Rasa asin diperoleh dari garam-garam terionisasi. Kualitas rasa asam bervariasi dari satu
garam ke garam lainnya karena garam-garam juga menimbulkan sensasi rasa yang lain
selain rasa asin. Kation dari senyawa garam yang terutama bertanggung jawab terhadap
rasa asin, tetapi anion juga memberikan sedikit pengaruh.
Rasa manis dapat disebabkan oleh beberapa jenis senyawa kimia antara lain glikol,
alkohol, aldehida, keton, amida, ester, asam amino, asam sulfonat, asam halogenat, dan
garam-garam anorganik dari timah. Secara spesifik, kebanyakan senyawa yang dapat
menimbulkan rasa manis adalah senyawa kimia organik.

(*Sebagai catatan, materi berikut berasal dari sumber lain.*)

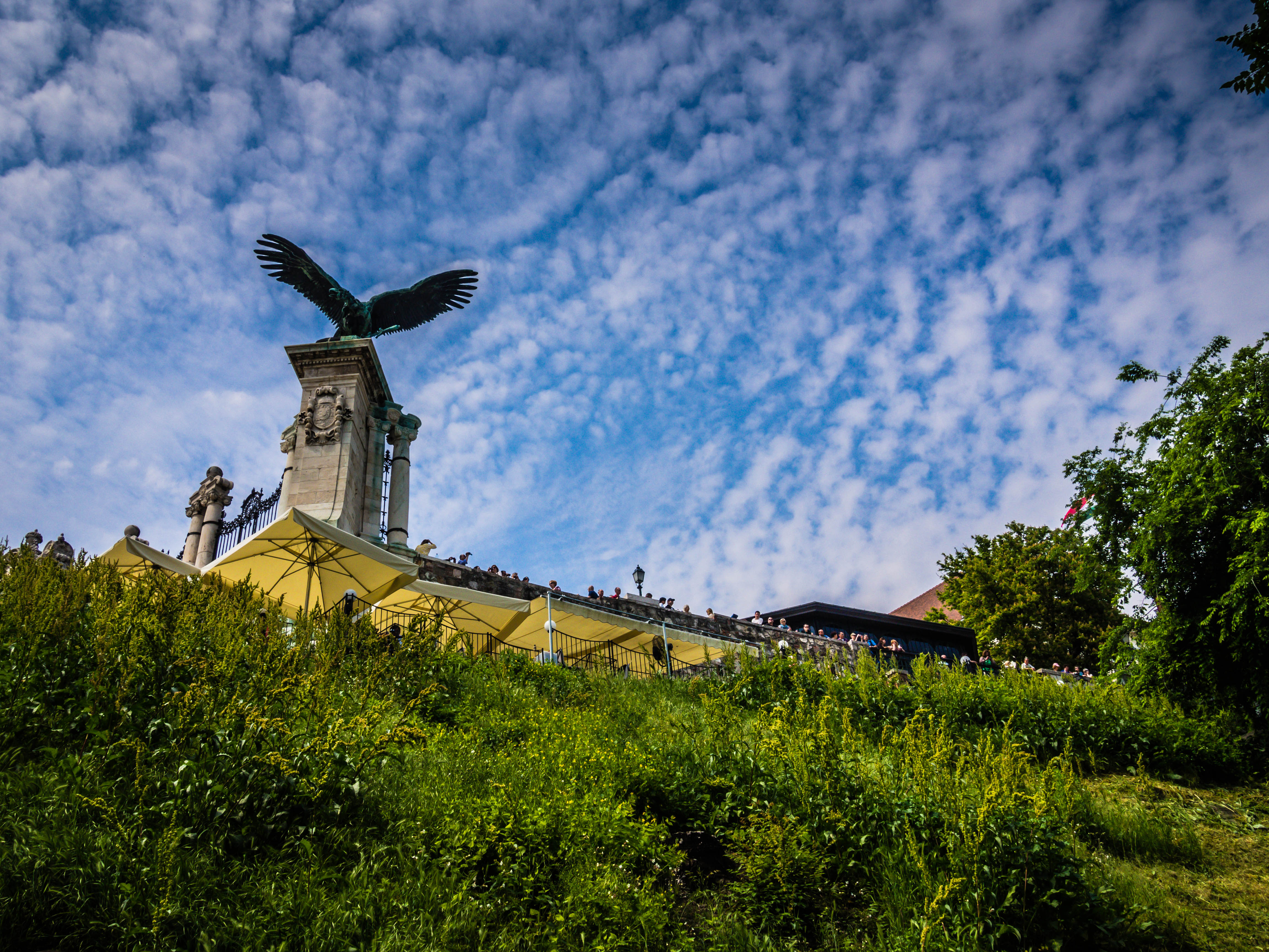 Turul Bird The Turul is the most important bird in the origin myth of the Magyars. It is a divine messenger, and perches on top of the tree of life along with the other spirits of unborn children in the form of birds.

Rasa pahit disebabkan oleh sebagian besar senyawa yang secara khusus menyebabkan
sensasi rasa pahit adalah senyawa organik berantai panjang dan senyawa alkaloid. Ada
beberapa senyawa yang pada awalnya manis namun memiliki rasa pahit sesudahnya,
seperti sakarin.
1.8.1 Reseptor Rasa
Reseptor rasa adalah organ yang berbentuk seperti telur pada lapisan permukaan epitel
berbentuk sisik pada lidah. Panjangnya 50-70 µm dan jumlahnya sekitar 900 buah pada
permukaan lidah manusia. Reseptor rasa terletak pada bagian papilla yang terdapat pada
lidah. Ada empat jenis papilla yang diberi nama sesuai dengan bentuknya yaitu filiform,
fungiform, foliate, dan circum vallate.
Masing-masing reseptor rasa tersusun dari kurang lebih 60 sel berbentuk seperti poros
yang ujungnya berkumpul pada sebuah pori-pori kecil yang terletak pada sebagian besar
lapisan bagian atas dari epitel berbentuk sisik. Bagian ujung sel tersebut membentuk
mikrovili yang halus dan panjangnya sekitar 2 µm. Sel-sel pengecap memilki waktu hidup
sekitar 10 hari.
1.8.2 Transmisi Sinyal Rasa
Impuls rasa dari dua pertiga bagian anterior lidah akan melalui saraf cranial ke-5,
kemudian melalui corda tympani ke saraf cranial ke-7 yang dilanjutkan ke tractus
solitaries pada batang otak. Sensasi rasa dari papilla circumvallate pada bagian belakang
lidah dan dari daerah posterior mulut ditransmisikan melalui saraf cranial ke-9 dan juga
melalui tractus solitaries. Sebagian kecil impuls rasa ditransmisikan melalui tractus
solitaries dari dasar lidah dan bagian lain dari bagian pharyngeal melewati saraf vagus.
Keseluruhan saraf tersebut akan bersinapsis pada nucleus sensorik saraf, yaitu nucleus
tractus solitaries. Serabut sekunder (susunan neuron ke-2) akan menyilang di batang otak
melalui thalamus, dimana akan terjadi sinapsis dengan susunana neuron ke-3 menuju pusat
rasa yang berada di gyrus post-centralis di lobus parietal.